Wheat on the Chicago Board of Trade inched up from six-week lows, while European wheat futures were narrowly mixed as the benchmark contract tested a major support level.
"Beans and corn have been pretty heavily sold over the last couple of sessions so we've seeing a bit of a short-covering session, though it won't last that long as weather conditions are quite favourable," said Doug Whitehead, a commodity strategist at Australia&New Zealand Banking Group Ltd.
Major crop-growing regions in the United States are set for warm, dry weather in the week ahead, which would boost young spring plantings and help the harvesting of winter wheat.
The rebound on grain markets was also dampened by investor doubts about a swift economic recovery, which pushed crude oil down further to $67 and limited European shares to modest gains after a slide in the previous session.
Wall Street saw its worst one-day loss in two months on Monday as the World Bank's downgrade to its global growth outlook encouraged investors to shift from equities and commodities towards safe-haven bets like the dollar and yen.
WARM WEATHER IN U.S.
CBOT soybeans for July delivery rose 1.13 percent to $11.64-1/2 per bushel by 1034 GMT, while July corn inched up 0.06 percent to $3.85-1/4 per bushel.
On wheat markets, CBOT July futures added 0.73 percent to $5.50 per bushel, while on Euronext the benchmark November contract edged down 0.18 percent to 142.00 euros a tonne in light volumes after closing at a two-month low on Monday.
Wheat prices were weighed down by the prospect of an accelerating U.S. harvest and positive feedback from initial barley harvesting in main European grain producer France, traders said.
After a wet weekend across the U.S. southern Plains, the next week to 10 days should be mostly clear, giving wheat farmers a big window to run combines across Kansas, the top U.S. wheat state.
European operators also stressed Euronext was testing a technical threshold at 142 euros, which if broken could push prices much lower.
"It's a very closely watched level," one trader said. "If there is downward pressure from the U.S. market, we could break it."

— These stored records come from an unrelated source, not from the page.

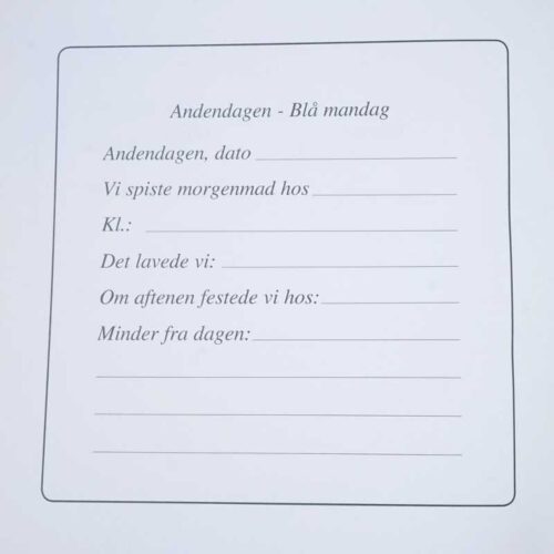 Indeholder 60 hvide sider til indklæbning. De første 4 sider er fortrykt med danske tekst sider der kan udfyldes med information om dagen. Forsiden i en rose nuance. Goldbuch er kendt for deres høje kvalitet, som kunder i hele Europa, sætter pris på. Dette album er syet i ryggen, hvilket giver en lang levetid til albummet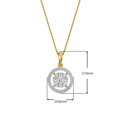 Presenting a stunning fusion of three different diamond cuts in one pendant, the Glistening Diamond Pendant by Emori. The stunning article features a princess cut lab-grown diamond in the center encircled by sparkling marquise diamonds and complemented by a spaced halo adorned with brilliant round diamonds, completing the harmonious balance of three diamond cuts. The hallmark yellow gold chain carrying this pendant engages your neckline in a warm luxurious grace. This pendant id perfect to be styled daily or with professional outfits to enhance your everyday elegance.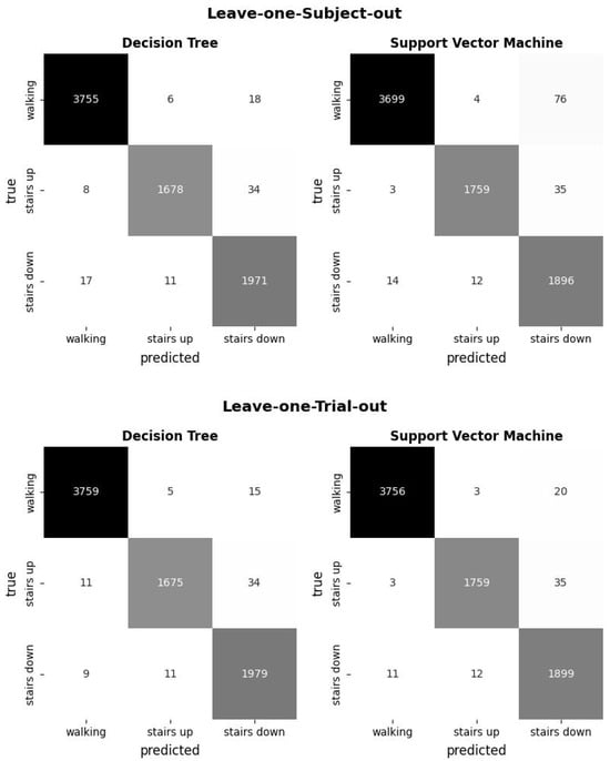 Confusion matrices of the leave-one-subject-out and leave-one-trial-out verification of the Decision Tree model and the Support Vector Machine model.

Grains prices as of 1034 GMT Product Last Change Percent Move End 2008 Ytd Percent
move CBOT corn 385.25 0.25 +0.06 407.00 -5.34 CBOT soy 1164.50 +13.00 +1.13 972.25 +19.77 CBOT wheat 550.00 4.00 +0.73 610.75 -9.95 CBOT rice 12.14 -0.05 -0.41 15.34 -20.86 European wheat 142.00 -0.25 -0.18 145.75 -2.57 US crude 67.17 Euro/dollar 1.3958 (Front-month contracts except for European wheat whose August contract is illiquid) (Corn, soybean, wheat U.S. cents per bushel) (Rice U.S. cents per hundredweight) (European wheat in euros per tonne) (Crude $ per barrel)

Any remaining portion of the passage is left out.